I run a small production demonstration of this every day. The AI readiness assessment on this site is a roughly 20-turn agent behind a Cloudflare Worker, and its cost shape was fixed before the first visitor arrived: a Haiku-tier model classifies the opening turn, a Sonnet-tier model carries the conversation, and an Opus-tier model at xhigh effort runs exactly one call, the final synthesis, against a system prefix that sits on a one-hour prompt cache. Nothing about that design is exotic. It's the same five levers every agentic system has, whether anyone is holding them or not: model tier, effort, cache discipline, context shape, and fan-out width. Set them deliberately and cost-per-task is a number you chose. Leave them at defaults and it's a number that happens to you.

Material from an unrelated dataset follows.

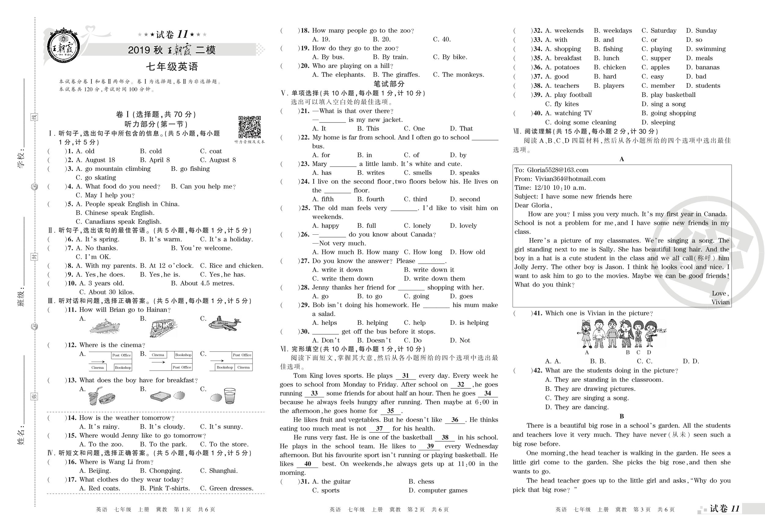王朝霞期末模拟卷七年级上册英语(冀教版)_R210807200548【11】
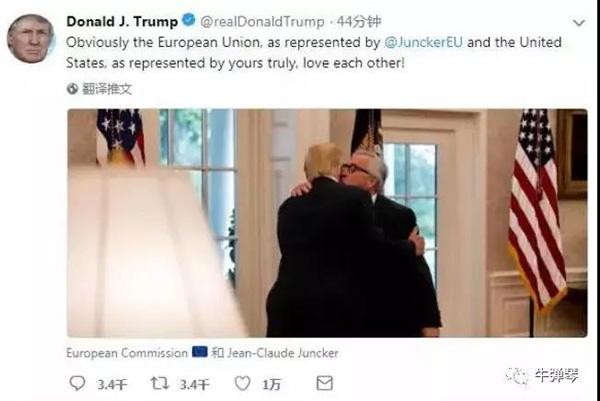 如果是这样的态度,谈判很可能破裂,来谈判的欧盟委员会容克有点忐忑不安,但出乎他意料的是,特朗普一见面就主动拥抱了他,并且还发推特说:“显而易见,容克所代表的欧盟及你们代表的美国,真的爱对方!”他还贴了一张与容克“贴面礼”的照片。

One definition before the anatomy, because the phrase invites a misreading. Cost-aware design is not token frugality. It is two disciplines: attribution, knowing what each task costs and which design choice made it cost that, and deliberate lever-setting, choosing model, effort, cache, context, and fan-out on purpose. A team that has both can rationally decide to spend more, and often should. What no team can do without them is claim ROI, because ROI is a ratio and unattributed spend has no denominator. I covered the session-level version of this argument in the token-spend post and the procurement-level version in the true-cost TCO piece; this guide is the system-design layer underneath both.

Why does an agent cost so much more than a chat?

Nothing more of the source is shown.